**TASK REQUIREMENTS**
Retype the data that follows line by line, exactly, and leave its pictures out.

**DATA EXTRACT**
——————————

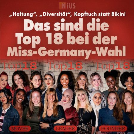 Oder hier die Top 18 der aktuellen Miss Germany Wahl. Sind das wirklich die 18 Frauen, die Deutschland am treffendsten repräsentieren, und nicht eher die politische Wunschvorstellung einer extremistischen Minderheit?
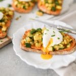 - Assembly the toasts: Spread each piece of toast with a thick layer of sun-dried tomato white bean spread. Top with cooked squash and an egg. Garnish with chives and extra salt and fresh ground pepper if you like, and serve immediately.
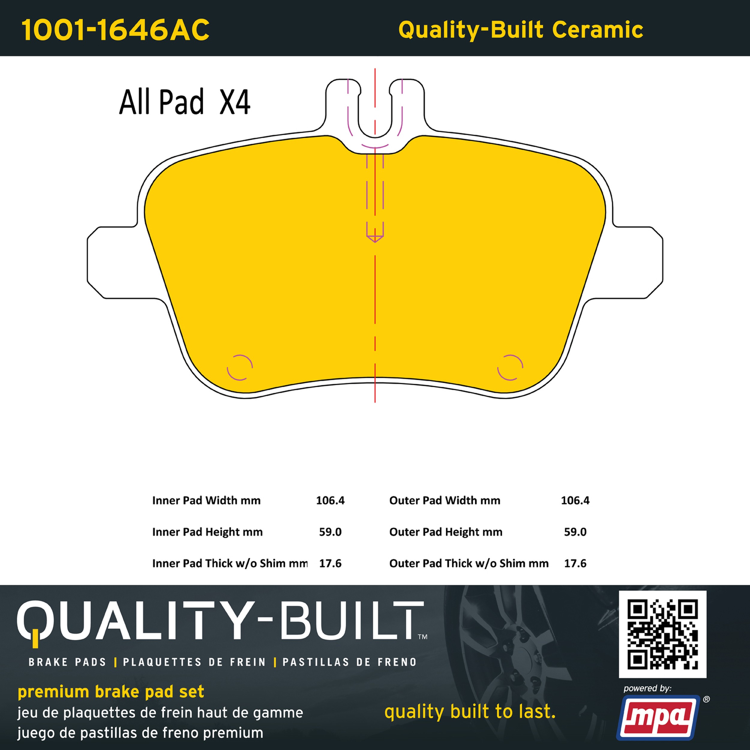 - Quality-Built Premium Brake Pads provide optimized stopping power in all conditions. Application-specific pad formulas remove the guesswork from pad selection by providing friction compounds engineered to restore like-new stopping power for every vehicle. 2025 compliant, copper-free friction formulas deliver dependable performance across a wide thermal range with low brake dust and zero noise.

——————————

**OUTPUT FOR THIS EXERCISE**
 Oder hier die Top 18 der aktuellen Miss Germany Wahl. Sind das wirklich die 18 Frauen, die Deutschland am treffendsten repräsentieren, und nicht eher die politische Wunschvorstellung einer extremistischen Minderheit?
 - Assembly the toasts: Spread each piece of toast with a thick layer of sun-dried tomato white bean spread. Top with cooked squash and an egg. Garnish with chives and extra salt and fresh ground pepper if you like, and serve immediately.
 - Quality-Built Premium Brake Pads provide optimized stopping power in all conditions. Application-specific pad formulas remove the guesswork from pad selection by providing friction compounds engineered to restore like-new stopping power for every vehicle. 2025 compliant, copper-free friction formulas deliver dependable performance across a wide thermal range with low brake dust and zero noise.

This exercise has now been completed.